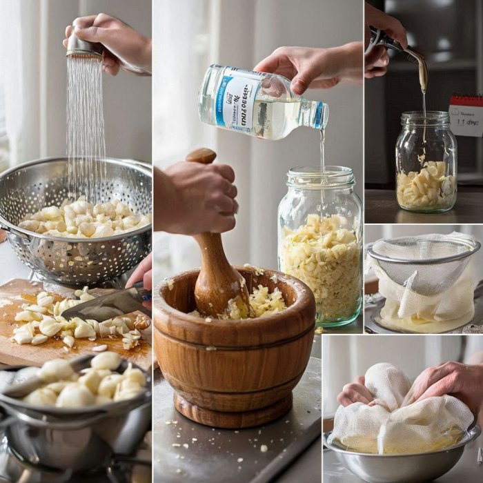 Dobro očistiti i isprati 350 grama bijelog luka (češnjaka), rasjeći ga i istucati drvenim tučkom u većoj drvenoj ili plastičnoj posudi. Istučeni češnjak staviti u staklenku i onda naliti 3 dcl 96% alkohola (dobije se u svakoj ljekarni) te čvrsto zatvoriti posudu i čuvati je 10 dana na prohladnom mjestu. Po isteku 10 dana, treba sadržaj posude procijediti kroz čvrstu tkaninu (gaza ili pelena). Ostatak koji ostane u tkanini treba također čvrsto procijediti (stisnuti rukama). Procjeđeni ostatak treba još 2 do 3 dana držati na hladnom mjestu (hladnjaku) i započeti liječenje. Lijek se uzima tako da se otopina pomiješa sa 0,5 dcl mlijeka (četvrt čaše) na sobnoj temperaturi prema slijedećem rasporedu:
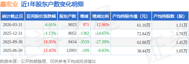 证券之星消息,近日鑫宏业披露,截至2026年3月31日公司股东户数为9023.0户,较12月31日增加971.0户,增幅为12.06%。户均持股数量由上期的1.7万股减少至1.51万股,户均持股市值为61.1万元。
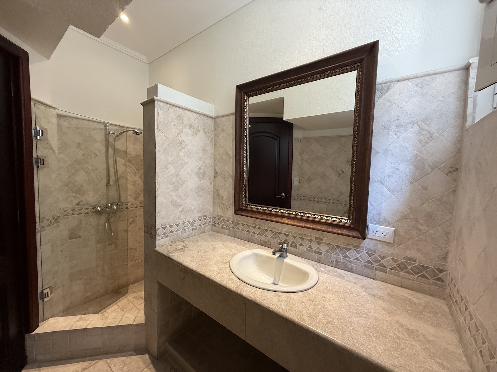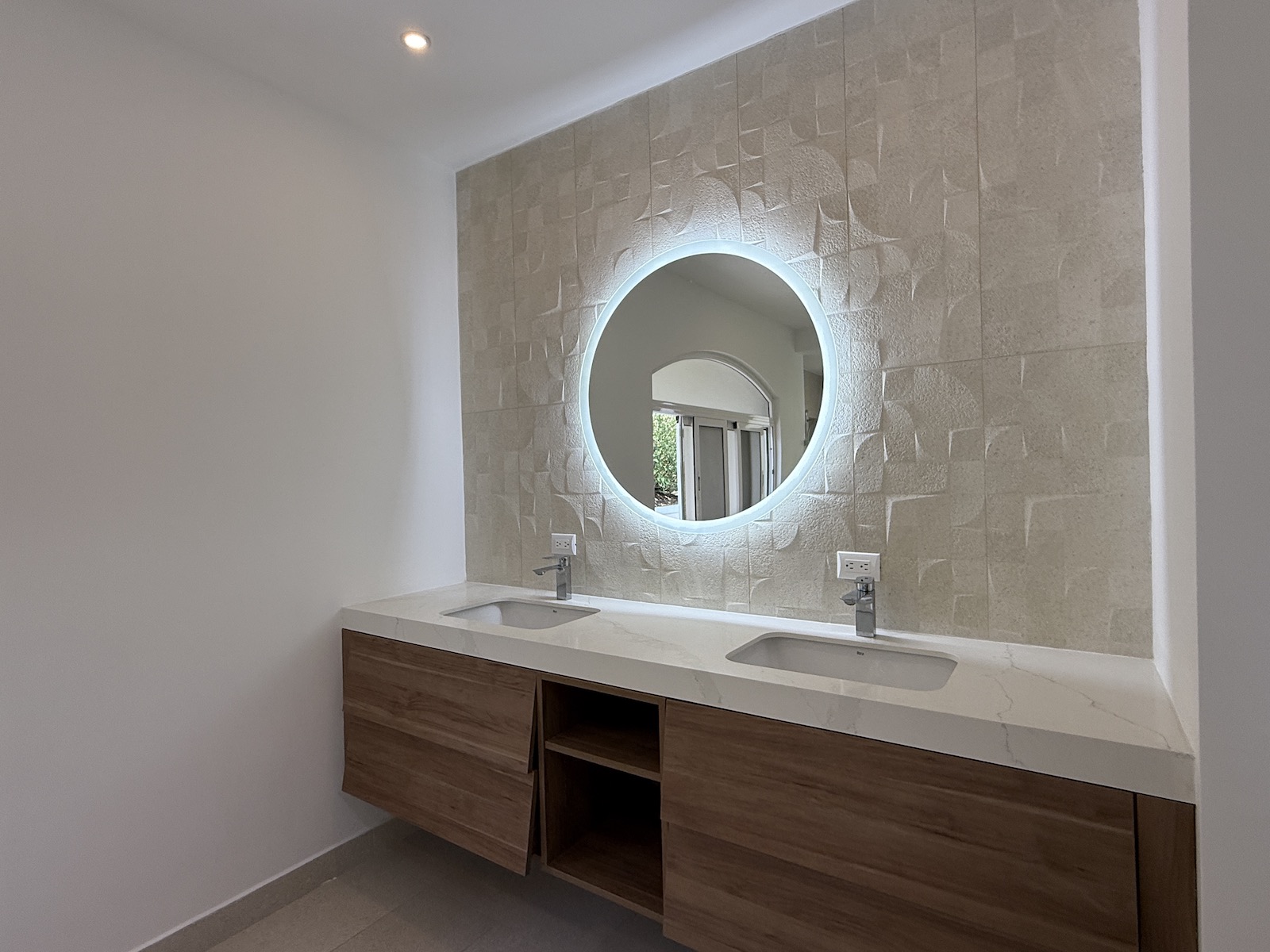• One on the first level, ideal as a bedroom or an office, with a full bathroom featuring a marble countertop.
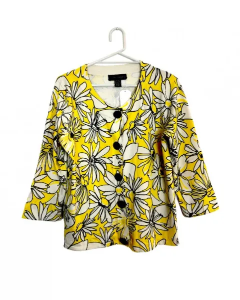 Suéter floreado en amarillo y blanco de Cable & Gauge, manga 3/4 nuevecito te lo envío hasta tu casa.
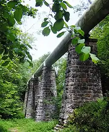 An aqueduct for Bristol water supply follows the line of the combe. It was completed in 1851, with John Simpson acting as the chief engineer, and it is still in use today. It consists of a wrought iron tube, which runs underground for 18 kilometres (11 mi), to Bristol Reservoirs but where it appears above ground it is supported by limestone piers and abutments. It is probably the oldest surviving example of such engineering and has been designated by English Heritage as a grade II listed building.[6]
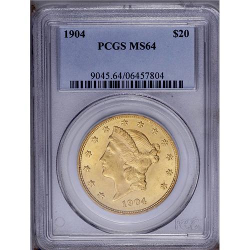 <B>1904<$20> MS64 PCGS.</B></I> Satiny with lovely lime-green and peach toning. Typically well struck with a few minor blemishes on the obverse.
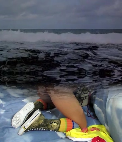 Hot brazilian blond teenager 20yo fucked in hard anal threesome on beach
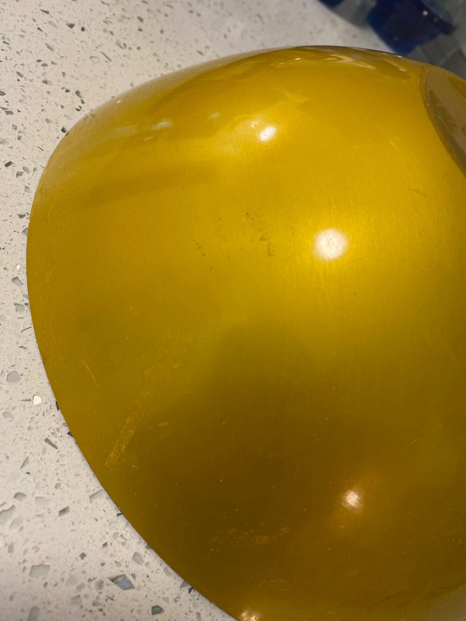 Large yellow bowl has a couple of scuffs, very slight
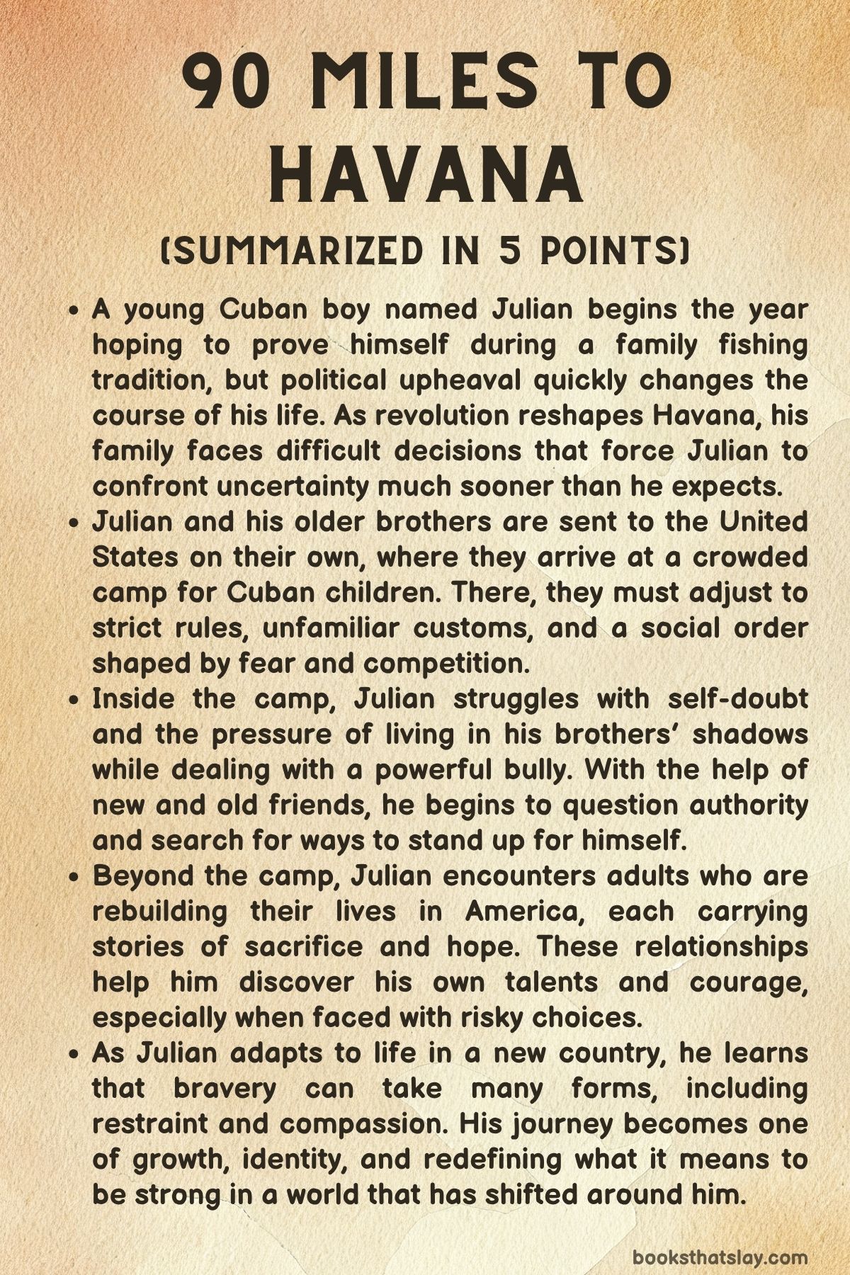 Julian is the emotional and moral center of 90 Miles to Havana, and the story traces his movement from insecurity to self-awareness. At the beginning, he is desperate to prove himself, especially in comparison to his older brothers.
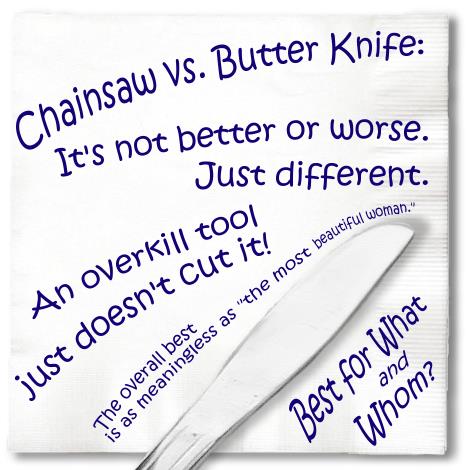 The Best There is no absolute best. General or overall best (for the proverbial average human) is irrelevant to you. Best is always qualified: Best suited. Best-of-breed. Best choice. Best compromise. Best within your means. Best results for your exact situation. Best until better ones come along. Get what you need, want and like. Never confuse best known, bestsellers or even "best deals" as "best." "Best" is an elusive thing, hinging upon your criteria of the moment, and often subjective and biased. |
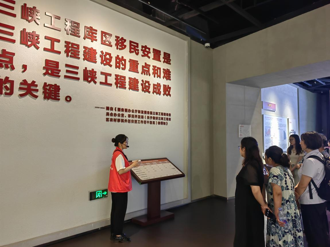 在三峡移民纪念馆,师生党员认真聆听了讲解员就“百年宏愿 筑梦三峡”“伟大壮举百万移民”“万众一心破解难题”等板块内容的讲解,重温了三峡工程这一根治长江水患,寄托着中华民族强国梦想的跨世纪工程。通过一个个感人至深的三峡移民故事,师生们充分了解了三峡移民的历史过程,深刻感悟到库区上百万人背井离乡的伟大和悲壮,以及他们为解决长江流域洪水灾害问题做出艰苦卓绝的贡献。三峡工程的成功建成和运转离不开党和国家领导集体的正确决策和指挥,更离不开中华儿女“舍小家,为大家”的付出和奉献,三峡移民们顾全大局的爱国精神、舍己为公的奉献精神、万众一心的协作精神以及艰苦创业的拼搏精神无不激励着在场的每一个人。
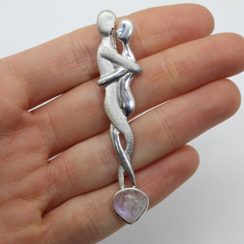 This pendant features a iridescent rainbow moonstone set in a classic silver lover design, symbolising love, unity and our deep connection to the universe.
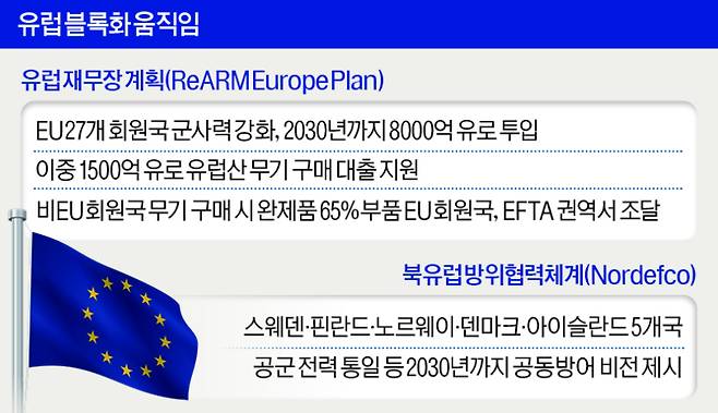 다만 유럽의 블록화 대응이 급선무다. EU는 유럽 재무장 계획을 발표하면서 비EU 회원국의 무기 구매 시 완제품 가격의 65%에 해당하는 부품을 EU 회원국이나 유럽자유무역협정(EFTA) 권역 등에서 조달해야 한다는 조항을 붙였다. 이런 요건을 맞추기 위해서는 국내 기업들은 유럽 현지화를 서둘러야 하는 입장이다.
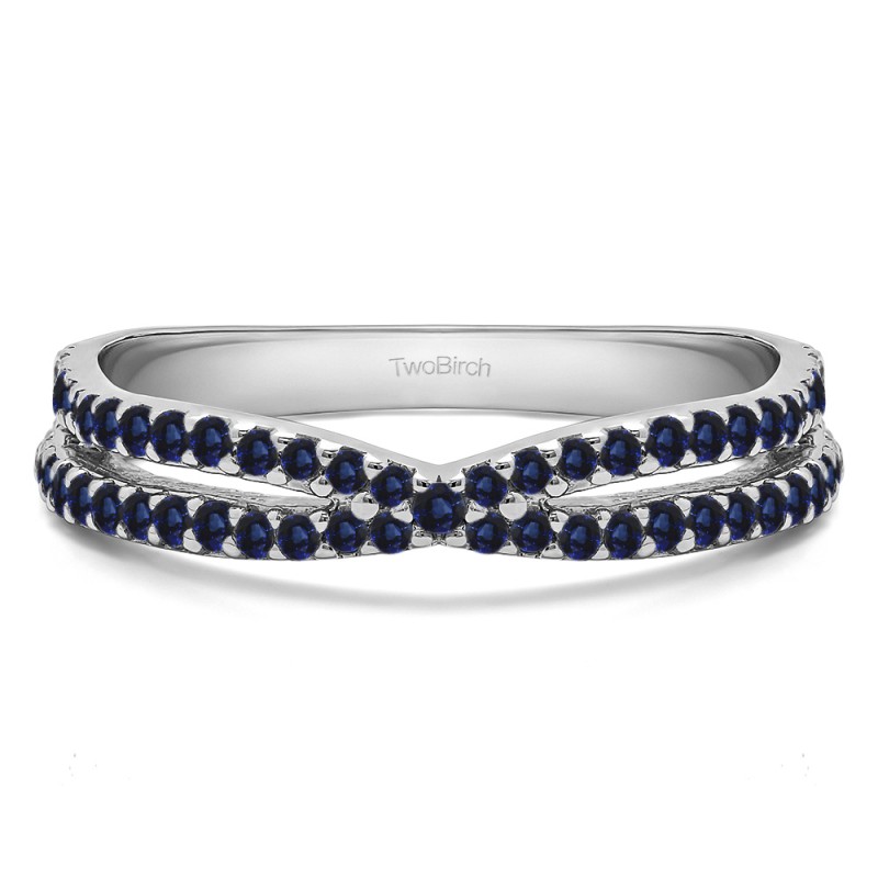 This wedding ring features 61 round prong set stones with a 2 millimeter wide band. The total combined carat weight of the ring is 0.46 carats. This ring has a criss cross design with a single row of stones accenting the design. This wedding ring weighs approximately 6.24 grams.
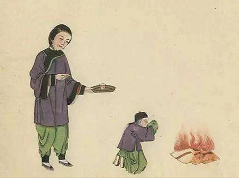 初一当晚,把纸袋供在堂上祭奠一番,而后拿到门外焚化,
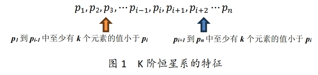 半人马座 A 是个巨大的椭圆星系,具有 n 个恒星。和太阳系一样,每个恒星周围都有许多行星。小可可团队通过太空望远镜,观测出每个恒星系里行星的数量,其中第 i 个恒星系里有 pi(1≤i≤n) 个行星。若第 i 个恒星系为小可可定义的 k 阶恒星系,则在正整数序列 p1,p2,...pn 中, pi 的左边和右边都至少有 k 个元素的值小于 pi(如图 1 所示)。
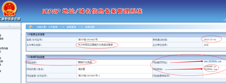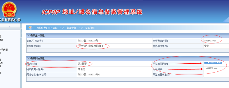 藝川標識官網域名yc95598.com的工信部備案信息截圖
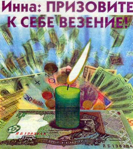 Рисунок- кодировка, направлен на Душу, на принятие энергий негатива и на ухожат. На гривне слева кружок с 5 элементами- воздействие на Душу. Возле круга номер 1383648, в сумме 33 - энергии негатива в Душу. Красный цвет усиливает кодировку. Следующий номер 138364, в сумме 25 - подготовка Души к ухожату (цифры чёрного цвета). На купюрах цифра 20 - кодировка на ухожат. Свеча концентрирует внимание на кодировках. Зелёный цвет вызывает желание принять кодировку.
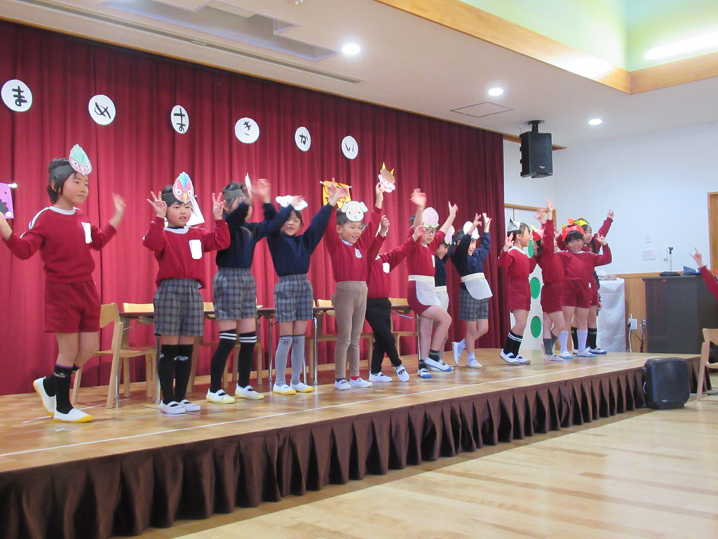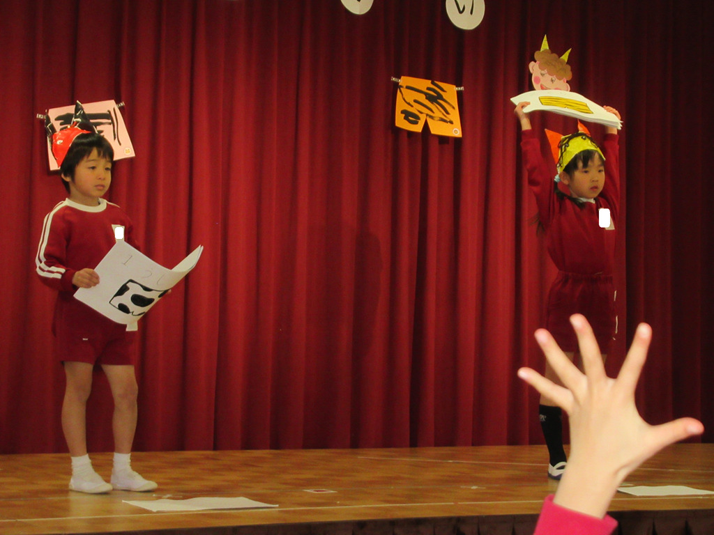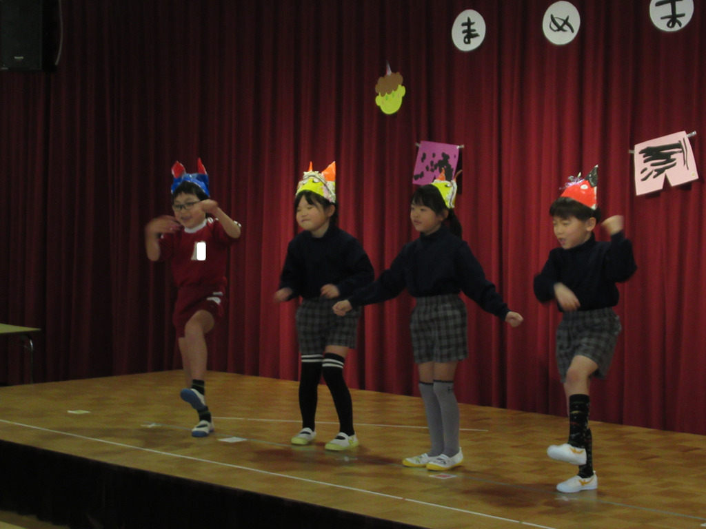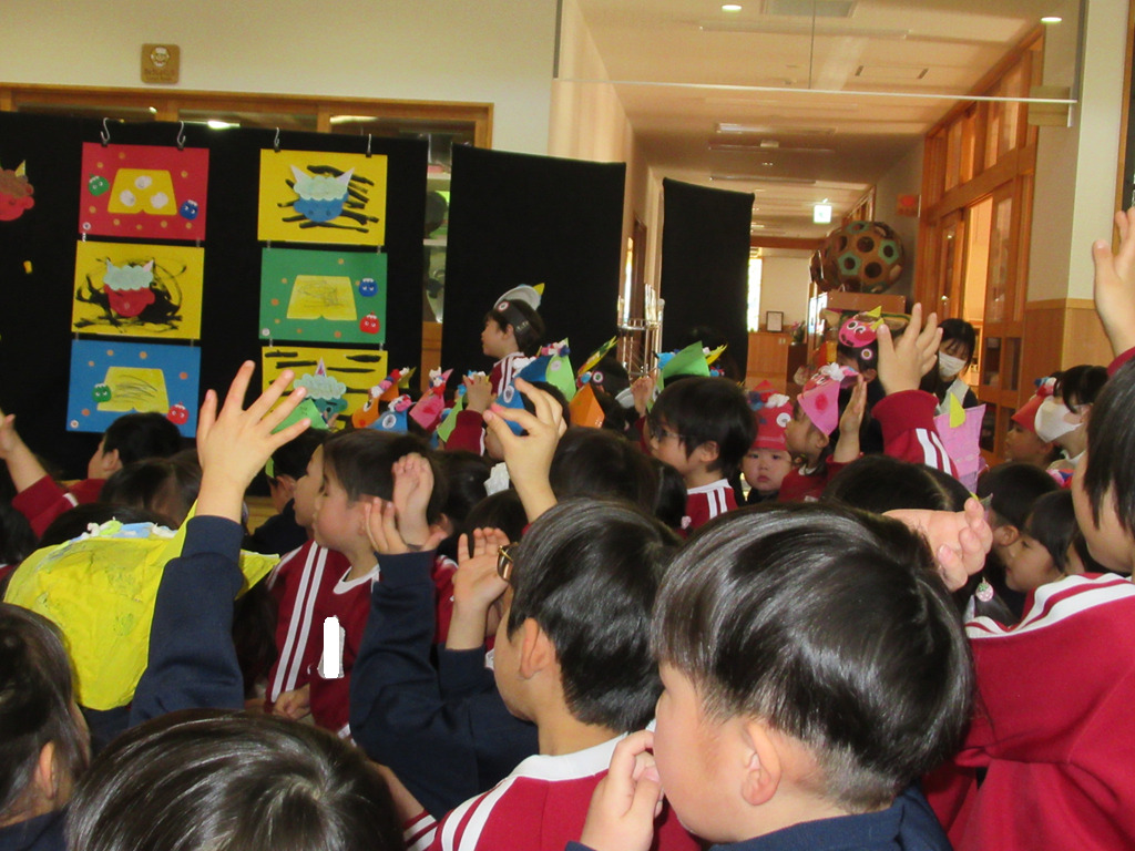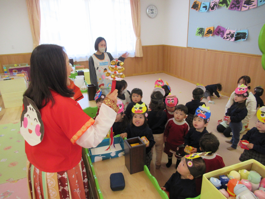 ばなな組、ぶどう組、みかん組、めろん組の子どもたちの所にも福の神がやって来ました。「鬼は外、福は内」の掛け声で豆をまき、最後には福の神と一緒に笑い、福を呼び込みました🎵
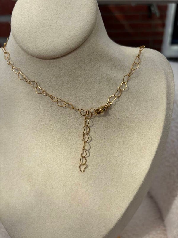 Handgemaakte RVS ketting van hartjes, het is een schakelketting van ongeveer 45 cm. Je kunt deze ketting ook als dubbele armband dragen.
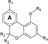 Das Cyclohexylringsystem kann an den Positionen zwei bis sechs mit folgenden Atomen oder Atomgruppen substituiert sein: Wasserstoff, Alkyl- (bis C6), Alkoxy- (bis C6), Hydroxy-, Phenylalkylgruppen (in der Alkylkette C1 bis C4) und Oxo-Gruppen (=O, doppelt gebundenes Sauerstoffatom am Ring).
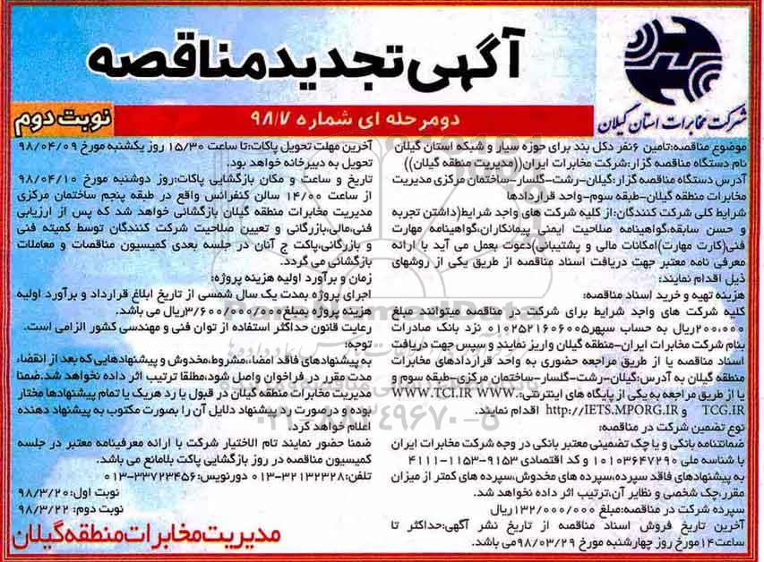 نام دستگاه مناقصه گزار: شرکت مخابرات ایران مدیریت منطقه گیلان

· · · ·

## What to do
Only the lines starting at the one that includes "An aqueduct for" and ending at the one that includes "Julian is the" should be retyped, exactly, from the records above; no pictures.

## Problem solution
 An aqueduct for Bristol water supply follows the line of the combe. It was completed in 1851, with John Simpson acting as the chief engineer, and it is still in use today. It consists of a wrought iron tube, which runs underground for 18 kilometres (11 mi), to Bristol Reservoirs but where it appears above ground it is supported by limestone piers and abutments. It is probably the oldest surviving example of such engineering and has been designated by English Heritage as a grade II listed building.[6]
 <B>1904<$20> MS64 PCGS.</B></I> Satiny with lovely lime-green and peach toning. Typically well struck with a few minor blemishes on the obverse.
 Hot brazilian blond teenager 20yo fucked in hard anal threesome on beach
 Large yellow bowl has a couple of scuffs, very slight
 Julian is the emotional and moral center of 90 Miles to Havana, and the story traces his movement from insecurity to self-awareness. At the beginning, he is desperate to prove himself, especially in comparison to his older brothers.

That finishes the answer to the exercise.